Reading, United Kingdom
City population: 298105
Duration: 1998 – ongoing
Implementation status: Ongoing
Scale: Meso-scale: Regional, metropolitan and urban level
Project area: unknown
Type of area: Central Business District / City Centre
Last updated: October 2021

The Berkshire, Buckinghamshire and Oxfordshire Wildlife Trust (BBOWT) 'Water Vole Recovery Project' is working in partnership with the Environment Agency, the Canal & River Trust and Thames Water to monitor water voles. Water voles have undergone one of the most serious declines of any wild mammal in Britain during the 20th century. The intensification of agriculture in the 1940s and 1950s caused the loss and degradation of habitat, but the most rapid period of decline was during the 1980s and 1990s as American mink spread. Between 1989 and 1998, the population fell by almost 90 percent! The above project also is identifying habitat enhancement opportunities and influencing local landowners to manage sites sympathetically for water voles and implement mink control. (Ref. 1)

Water vole by K. Garside
Source: Ref. 1

Overview

Nature-based solution

  • Blue infrastructure
  • Rivers/streams/canals/estuaries
  • Other

Key challenges

  • Green space, habitats and biodiversity (SDG 15)
  • Habitat and biodiversity restoration
  • Habitat and biodiversity conservation
  • Green space creation and/or management
  • Inclusive and effective governance (SDG 16)
  • Inclusive governance
  • Social justice, cohesion and equity (SDG 10)
  • Environmental education

Focus

Maintenance and management of urban nature, Ecological restoration of ecosystems, Monitoring and maintenance of habitats and/or biodiversity

Project objectives

The main objective of the project is water vole conservation (to help the declining species in the three counties: Berkshire, Buckinghamshire and Oxfordshire). Other objectives have been to identify ‘key areas’ within and around Reading (Ref. 1, 3). The objectives included in Readings Biodiversity action plan (working in partnership with e.g. BBOWT) are: maintain/enhance the network of suitable habitat along Reading’s waterways. (Ref. 3)

Implementation activities

Local landowners have done their bit by allowing bankside vegetation to develop with grasses and reeds for water voles to feed on, and, most importantly, by monitoring and controlling American mink. (Ref. 4) BBOWT’s Water Vole Recovery Project officer leads a team of 50 dedicated and trained volunteers who survey the water courses in the three counties looking for signs of water voles and logging information onto a central database. Data gathered from the surveys during the last few years shows how small colonies of water voles have, over time, merged to create larger populations – this could only be achieved with the help of local landowners restoring waterside habitats. (Ref. 4) The Trust has been monitoring water voles, identifying habitat enhancement opportunities and influencing local landowners to manage sites sympathetically for water voles and implement mink control. (Ref. 1)

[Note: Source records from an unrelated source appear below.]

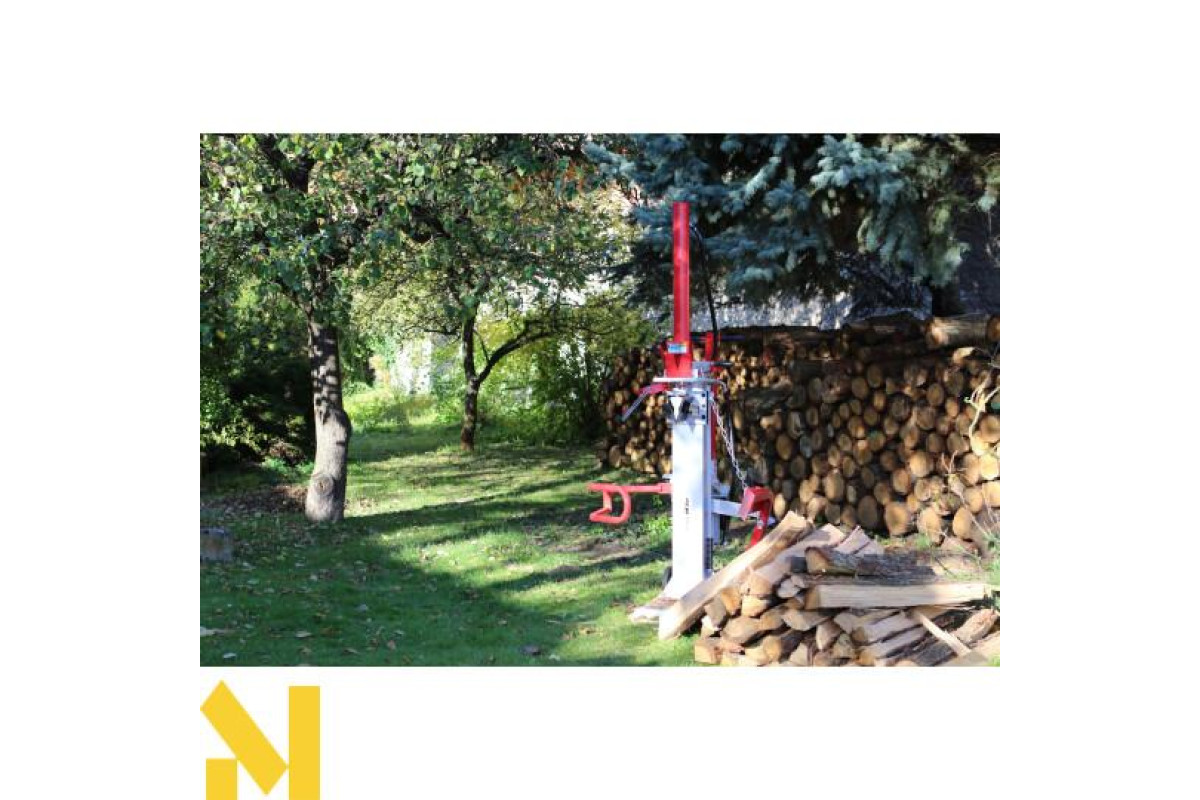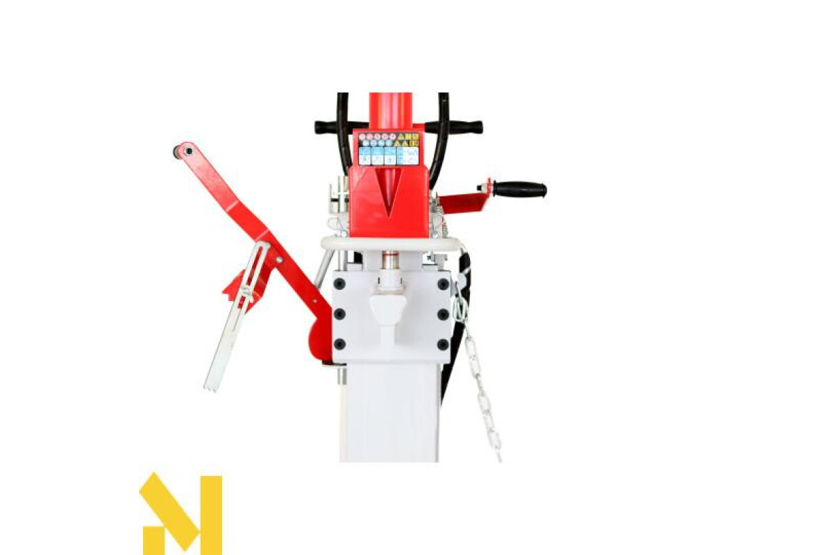 На додаток до стандартного дворучного керування, дровокол оснащений новим запобіжним важелем і транспортним колесом, розташованим поруч із рукоятками, що значно полегшує транспортування дровокол.
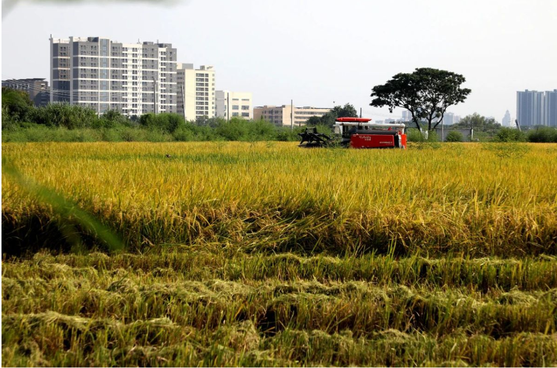 近日,道滘镇马洲尾耕地恢复项目传来喜讯,300余亩黄金稻田完成收割,沉甸甸的稻穗化作金灿灿的谷粒,经三天紧张作业,数台收割机穿梭其间,奏响丰收交响曲。此次收割的首批40亩稻田属于项目二期工程,原为地势低洼的鱼塘,经剥离塘泥、回填客土等生态化改造后,成功转型为高产农田。
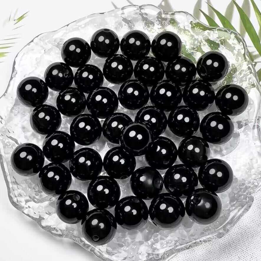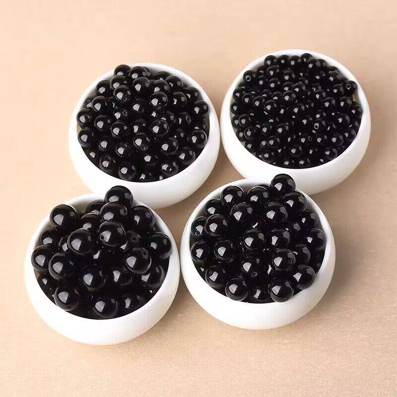 📚 水晶玻璃黑曜石珠子散珠批发黑色圆珠diy手串配珠光珠手链材料

Biodiversity conservation or restoration-focused activities

Biodiversity conservation:

  • Protect and enhance urban habitats
  • Preserve and strengthen existing habitats and ecosystems
  • Promote environmentally-sound development in and around protected areas
  • Create new habitats
  • Preserve and strengthen habitat connectivity
  • Protect species
  • Undertake specific measures to protect native species
  • Control and clean invasive alien species
  • Means for conservation governance
  • Biodiversity offsets
  • Manage biological resources for conservation and sustainable use

Biodiversity restoration:

  • Rehabilitate and restore damaged or destroyed ecosystems
  • Restore species (native, endangered, or unspecified)
  • Restore native species
  • Clear and control invasive alien species

Main beneficiaries

  • National-level government
  • Local government/Municipality
  • Citizens or community groups

Governance

Management set-up

  • Co-governance with government and non-government actors

Type of initiating organisation

  • Local government/municipality
  • Non-government organisation/civil society

Participatory approaches/ community involvement

  • Dissemination of information and education
  • Consultation (e.g. workshop, surveys, community meetings, town halls)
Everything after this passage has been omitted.